🤖 AI Summary
This work addresses the lack of standardized evaluation for autonomous agents’ UI exploration capabilities by introducing UIExplore-Bench—the first dedicated benchmark for this task. It features a three-tier GitLab sandbox environment supporting dual-modality assessment: structured (DOM-based) and purely visual (GUI screenshot-based). A novel metric, hUFO, is proposed to quantify the discovery of interactive UI components. Evaluation integrates DOM parsing, human-like interaction simulation, and functional coverage analysis to systematically compare agent performance against human experts. Experiments show that UIExplore-AlGo achieves 77.2% and 59.0% of human-normalized performance within 2000 steps under structured and visual modalities, respectively—significantly outperforming baseline methods, especially under sparse feedback conditions.
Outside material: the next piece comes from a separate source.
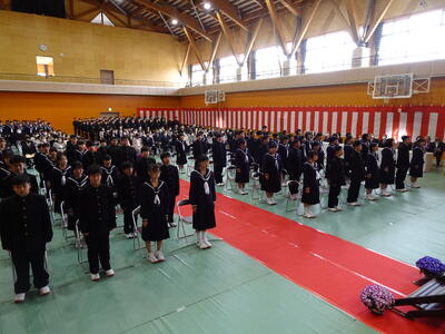 着任式では、新しい先生方との初対面ということで、新2、3年生も興味深々でした。

All code, datasets, and environments are publicly released, establishing a reproducible infrastructure for UI exploration research.
📝 Abstract
Autonomous agents must know how to explore user interfaces (UIs) for reliable task solving, yet systematic evaluation of this crucial phase is lacking. We introduce UIExplore-Bench, the first benchmark explicitly dedicated to UI exploration. The benchmark evaluates agents with either Structured mode (granting access to layout information like DOM trees) or Screen mode (relying on GUI-only observations such as screenshots and human-like mouse/keyboard interactions) across three levels in a standardized GitLab sandbox environment. We formalize exploration as the process of maximizing the set of actionable UI components discovered and propose a metric, human-normalized UI-Functionalities Observed (hUFO), to quantify the effectiveness of exploration. Our results show that UIExplore-AlGo achieves the leading mean hUFO scores, reaching up to 77.2% of human performance in Structured mode and 59.0% in Screen mode at 2,000 steps, particularly excelling at the Sparse level. The results highlight the relevance of our benchmark, as current agents show a substantial performance gap compared to one hour of human expert exploration, indicating ample room for future advancements. We publicly release the benchmark environment, an exploration dataset, and an evaluation suite to catalyze research into efficient UI exploration strategies and their downstream applications, such as experience-driven task completion and automated training data generation.